An update on this issue:
The issues in the SubjectVisits streams seem to be due to a logic bug in the Bonsai workflow: "basically it looks like somehow when the new subject entered the exit arena state got triggered using the exact same timestamp of the previous test animal exit...this also explains why it's mostly happening around start of epochs, since in this case it seems to be connected with entering and exit of test animals"
The issues in the WheelEncoder streams seem to occur on the heartbeat, with occasionally the first timestamp after the heartbeat going back in time. This fix should be done on the Harp side ideally, but for now we can do a sort on the indices for this stream.
The issues reported for RFID and PatchState streams I haven't been able to reproduce, and am still looking into this.
I've asked Datajoint to share logs of all instances where this KeyError in load
occurs in both arenas for social0.2
A fundamental issue here seems to be that we often have what is really a multi-index data frame. All rows with duplicate timestamps actually have a secondary (or tertiary) index which discriminates the rows, e.g. animal ID, body part ID.
A possible solution might be to just make sure we make this explicit by returning a MultiIndex dataframe, and determine how to properly index it, e.g. see https://stackoverflow.com/questions/66588217/how-to-slice-into-a-multiindex-pandas-dataframe
Related to #294
Example for how to create and manipulate a multi-index frame:
Simple example data-frame with duplicate "timestamps":
df = pd.DataFrame([[0, 32, 24], [1,33,45], [0,32,25], [1, 42, 60]], index=[23,23,24, 24], columns=['id','x','y'])
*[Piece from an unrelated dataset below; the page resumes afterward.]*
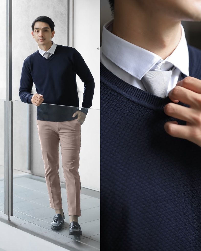 Yang paling utama kalau mau menampilkan smart casual adalah gunakan kemeja kerjamu dengan sweater knit. Biarkan kerah kemeja menyembul keluar sweater sebagai aksen. Pilih kemeja dan sweater dengan warna senada.

This will return the following dataframe:
id x y
23 0 32 24
23 1 33 45
24 0 32 25
24 1 42 60
The idea here is that the key is some timestamp in seconds, and all duplicate timestamps include a column acting as a secondary key, in this case id
. Assuming no duplicate pairs, we can then assemble the multi-index easily like so:
mi = pd.MultiIndex.from_tuples(zip(df.index, df.id))
Assigning this multi-index to the dataframe (and dropping the now-redundant id
column) results in the following dataframe:
x y
23 0 32 24
1 33 45
24 0 32 25
1 42 60
Given the above dataframe, the below should all be valid queries over the multi-index frame:
df.loc[23]
df.loc[23:24]
df.reindex([(23, 0), (23, 1)], method='pad')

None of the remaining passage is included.